Tuesday, 31 August 2021

A positive note, finally

 The last maybe 20 posts I did are probably all so depressing. Basically I was. Now for the first time in ages, I feel like the clouds are slowly parting. But I'm scared. I am anxious. I prefer not to entertain dark thoughts because I cannot for the love of me re-enter the bottom of the pit. I do not want to be there again. I cast away negative thoughts because otherwise, I won't be able to focus on what's in front of me: my last year of law school. I am about to pull off a miracle, if miracles do exist. I have no idea how to be my own hero. But as BTS lyrics' once say, "You give me the best of you, so you give you the best of you." I am about to give me the best of me. Hopefully it's enough. I hope I can really stick to this discipline, or at least find a balance in between.

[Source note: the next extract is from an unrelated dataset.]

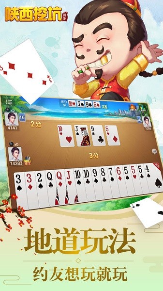 微乐陕西挖坑游戏是一款非常有趣的多人休闲娱乐游戏。其主要玩法十分简单,相信大家都已经很熟悉了,无需我过多介绍。游戏开始时,先通过叫分来确定挖坑者,然后由挖坑者从“坑”中挖出剩下的4张牌。其他玩家则联合起来对抗挖坑者,最先出完手中牌的一方获胜!感兴趣的朋友可以点击试试。

Surprisingly, coming out to my parents regarding my current downfall, one of my many these past consecutive years, wasn't as horrible as I thought. The hours before it was the absolute worse, but the post effect wasn't as bad as the last time I confessed. Gosh at this point, another BTS lyrics' echoes through my head, "I know you're hesitating because even if you say the truth, in the end it will all return as scars". 

I have a fair share of those, scars. I find them embellished on my skin, out for display for the world to see and judge. But for the first time in my life, I'm owning up to it. I want to be happy ggaddamnit.

With a little luck on my side, hopefully I do graduate law school next year.